***** MATERIAL SUPPLIED *****

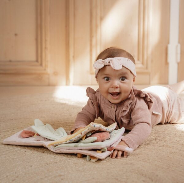 Predivna i nežna srna poziva te da zaviriš u čarobni vrt. Igraj se sa raznim materijalima i aktivnostima, kao što su ogledalce, zvečka i šuškavi igrači. Mekana knjiga takođe sadrži različite etikete koje će tvoja beba voleti da dodiruje.
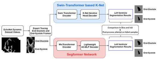 This section will elaborate on the two recent Transformer-based networks we experimented with in this paper. With the Transformer raised in the NLP field to modify the encoder–decoder structure initially [18], major followers of Transformer have been proposing modifications on their encoder–decoder networks [6,9,17] by embedding the Transformer module. Witnessing their high efficiency in segmentation tasks on universal datasets, like ImageNet and ADE20K, two encoder–decoder networks, Swin Transformer and K-Net and Segformer Network, are introduced to echocardiographic LV segmentation.
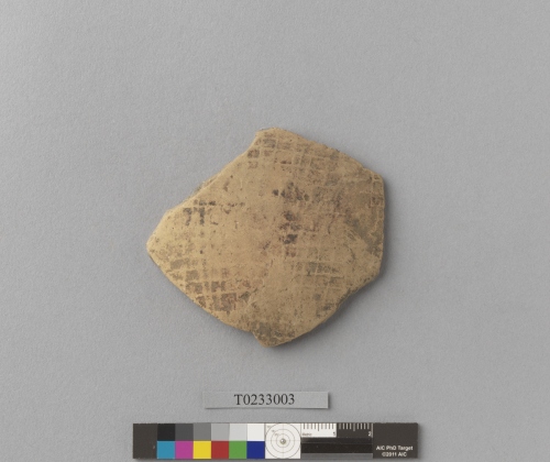 作者不詳(鐵器時代)。[遺物:方格印紋夾砂陶腹片]。《數位典藏與數位學習聯合目錄》。http://catalog.digitalarchives.tw/item/00/85/b3/06.html(2026/04/17瀏覽)。
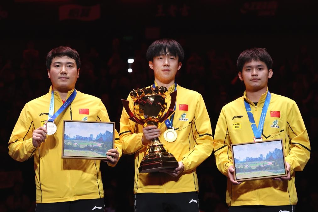 2月23日,冠軍王楚欽(中)、亞軍梁靖崑(左)和季軍林詩棟在頒獎儀式上合影。新華社記者 梁旭 攝
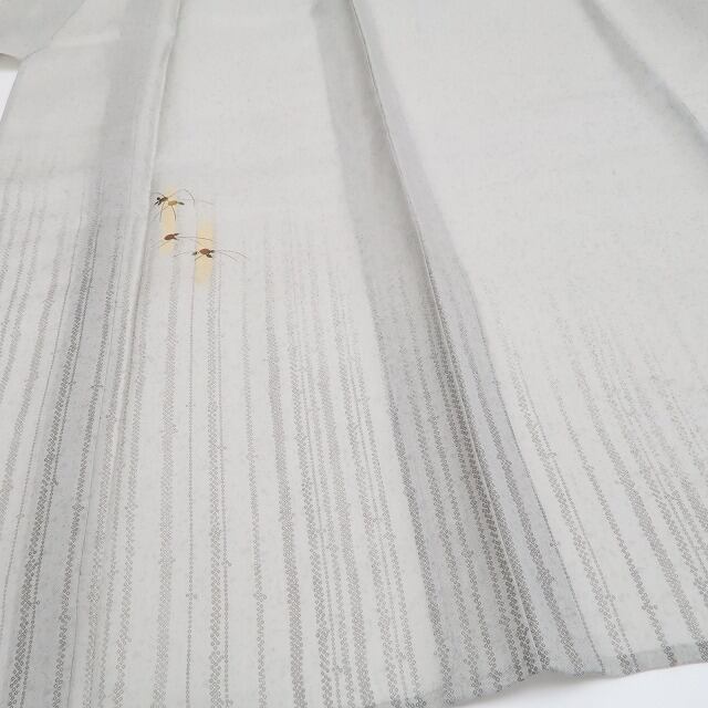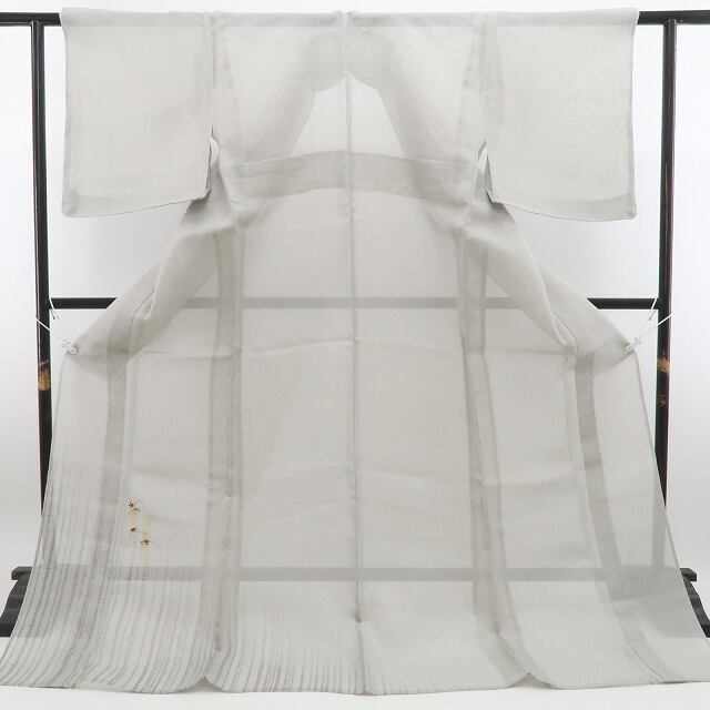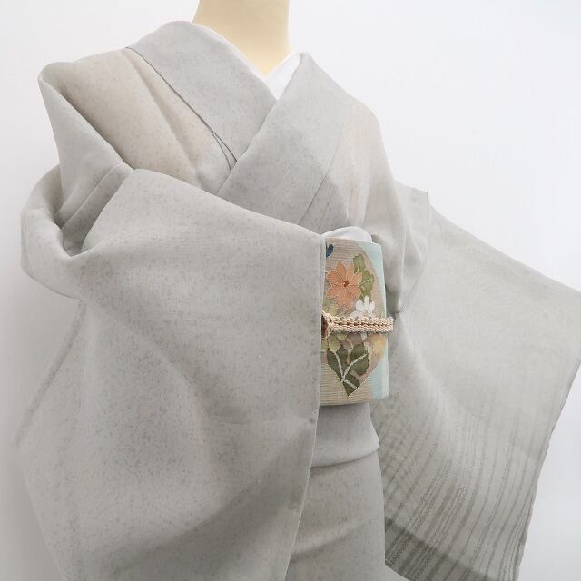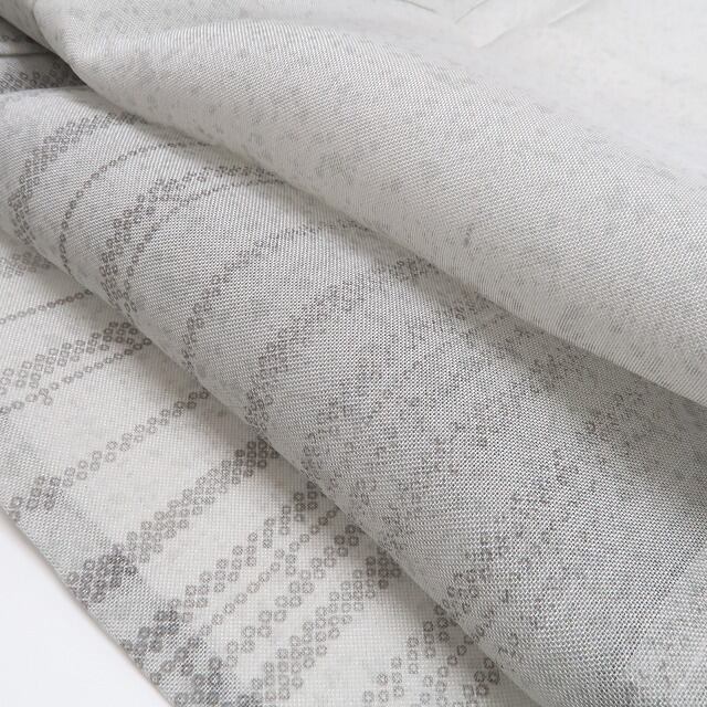 生地感が活きる素朴な蕎麦切色の彩色、縦状の構図に描き込まれた洗練モダンなデザインモチーフ、意匠に醸し出されるこの上ない涼味、それは紗の透明感が映し出す夏着物魅力そのもの…程良い透け感が涼しさを誘いすっきりとした夏のシルエットを創り出します。
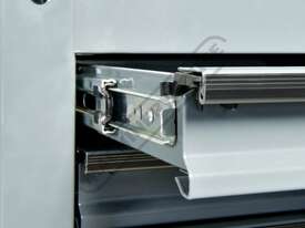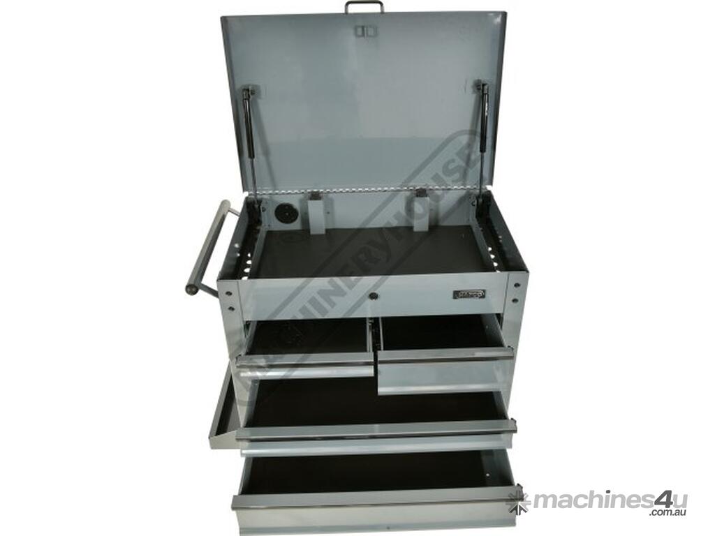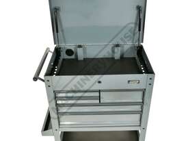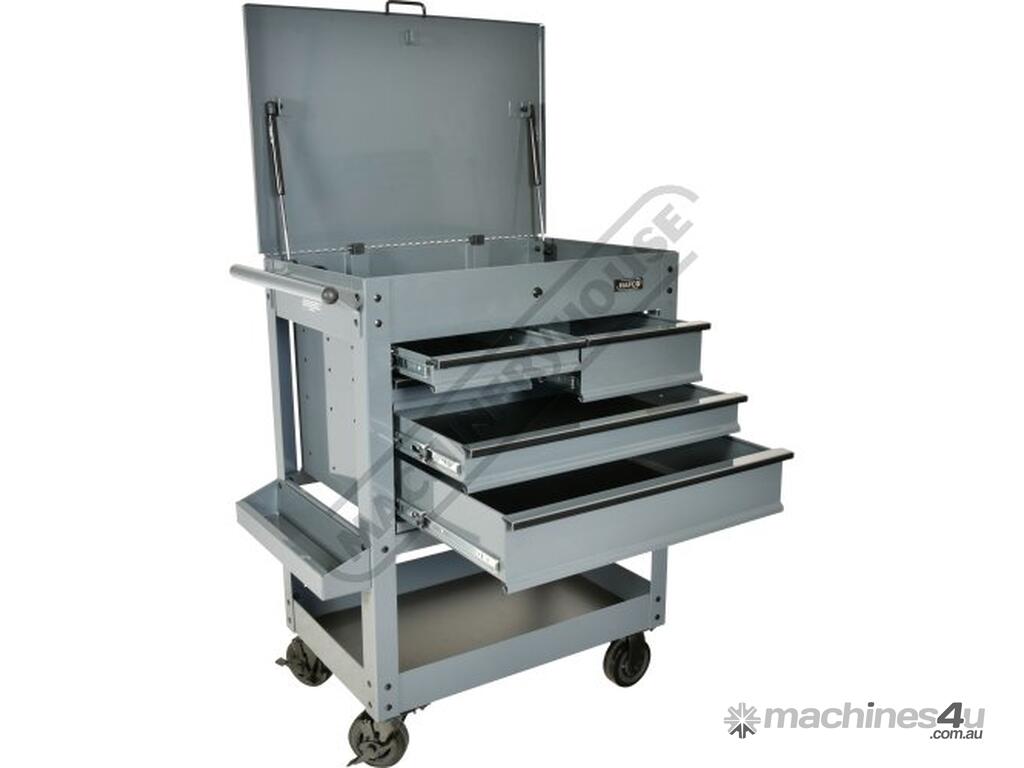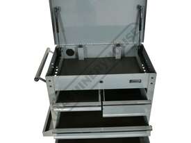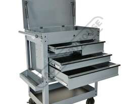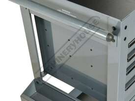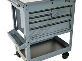 This great tool storage unit also has 2 internal screwdriver bays on both left & right side of the top compartment, key lockable top lid with mechanical drawer lock system that operates with the opening and closing of the lid. There also is plenty of storage below with a huge base shelf to hold larger items. This service tool cart is ideal for any workshop or home garage.
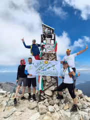 This time we climbed Mount Vihren in 3 hours and 30 minutes. We arrived just in time to meet Sara, who had actually arrived about ten minutes earlier. Shortly before the summit we were caught up by another hiker, Bozhidar, who turned out to also be from Blagoevgrad. He joined us for the group photo at the top.
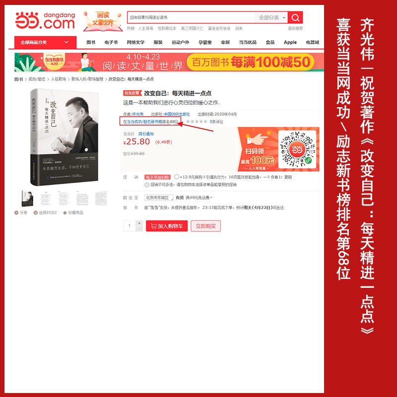 近日,由中国纺织出版社出版、齐光伟老师创作的著作《改变自己:每天精进一点点》,喜获当当网成功﹨励志新书榜排名第68位,并受到读者朋友们的关注与青睐。
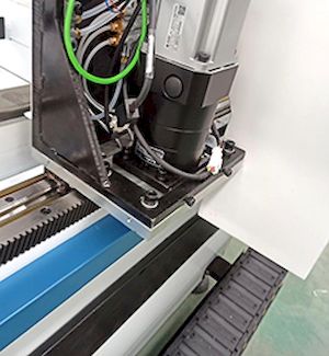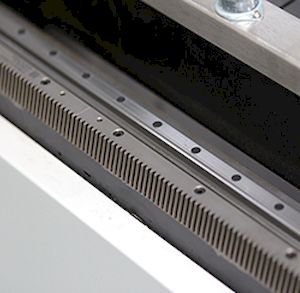 Для перемещения по осям Х и Y на станке используется шестерня и косозубая рейка. Это решение позволяет добиться высоких скоростных показателей без потери точности обработки.
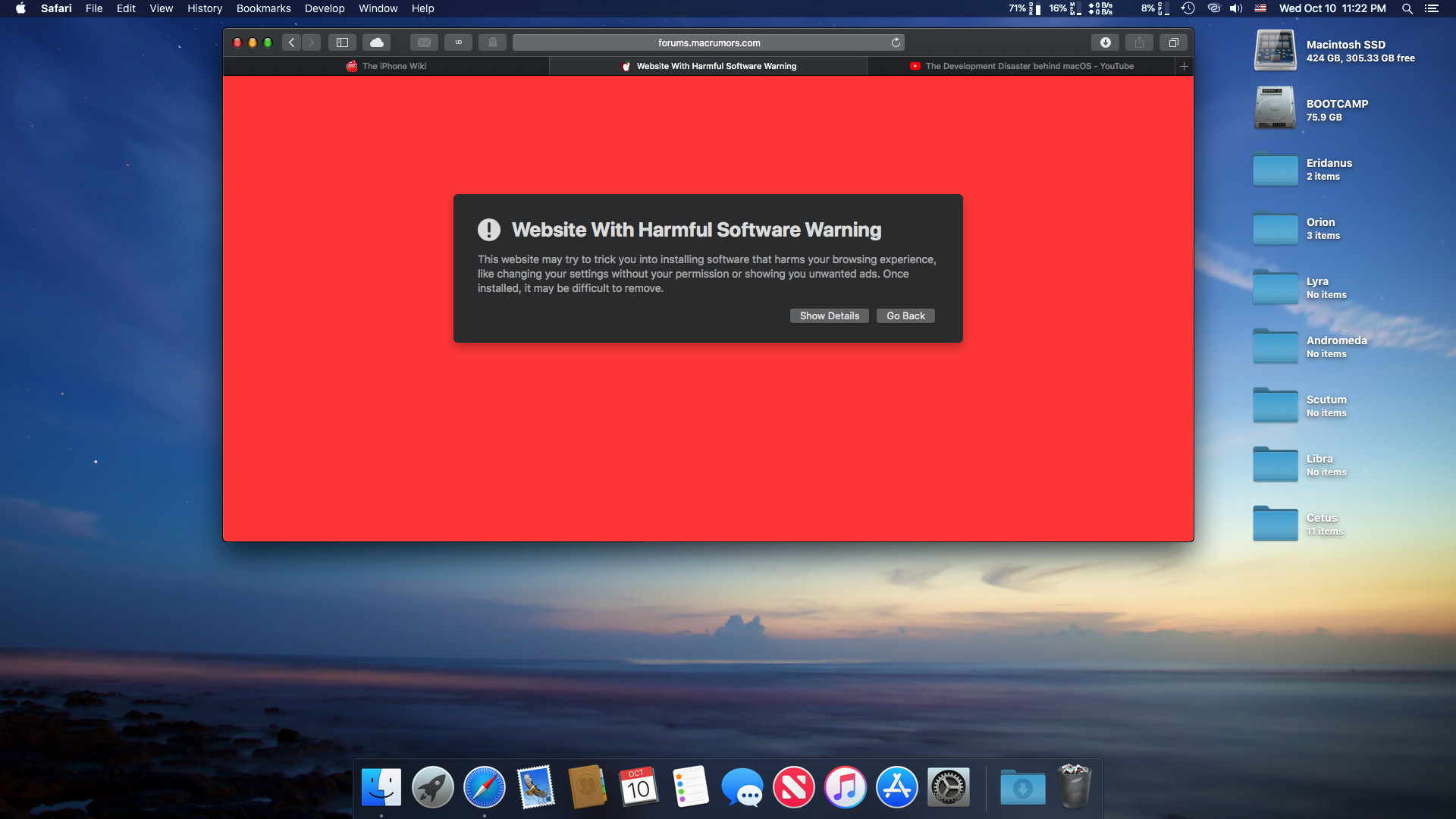 StellarVixen said: When opening a particular thread. The thread in question is "Mac OS Mojave On Unsupported Macs". Dunno why. Tried to go back and try again, same. View attachment 793864 Click to expand... Can you give me a link to specific page that’s triggering it? arn

*****

● **ASSIGNMENT**: Starting at the line containing "作者不詳(鐵器時代)。[遺物" and stopping at the line containing "Для перемещения по", output every line above exactly, both ends included, with pictures omitted.

● **ANSWER TO THIS TASK**:
 作者不詳(鐵器時代)。[遺物:方格印紋夾砂陶腹片]。《數位典藏與數位學習聯合目錄》。http://catalog.digitalarchives.tw/item/00/85/b3/06.html(2026/04/17瀏覽)。
 2月23日,冠軍王楚欽(中)、亞軍梁靖崑(左)和季軍林詩棟在頒獎儀式上合影。新華社記者 梁旭 攝
 生地感が活きる素朴な蕎麦切色の彩色、縦状の構図に描き込まれた洗練モダンなデザインモチーフ、意匠に醸し出されるこの上ない涼味、それは紗の透明感が映し出す夏着物魅力そのもの…程良い透け感が涼しさを誘いすっきりとした夏のシルエットを創り出します。
 This great tool storage unit also has 2 internal screwdriver bays on both left & right side of the top compartment, key lockable top lid with mechanical drawer lock system that operates with the opening and closing of the lid. There also is plenty of storage below with a huge base shelf to hold larger items. This service tool cart is ideal for any workshop or home garage.
 This time we climbed Mount Vihren in 3 hours and 30 minutes. We arrived just in time to meet Sara, who had actually arrived about ten minutes earlier. Shortly before the summit we were caught up by another hiker, Bozhidar, who turned out to also be from Blagoevgrad. He joined us for the group photo at the top.
 近日,由中国纺织出版社出版、齐光伟老师创作的著作《改变自己:每天精进一点点》,喜获当当网成功﹨励志新书榜排名第68位,并受到读者朋友们的关注与青睐。
 Для перемещения по осям Х и Y на станке используется шестерня и косозубая рейка. Это решение позволяет добиться высоких скоростных показателей без потери точности обработки.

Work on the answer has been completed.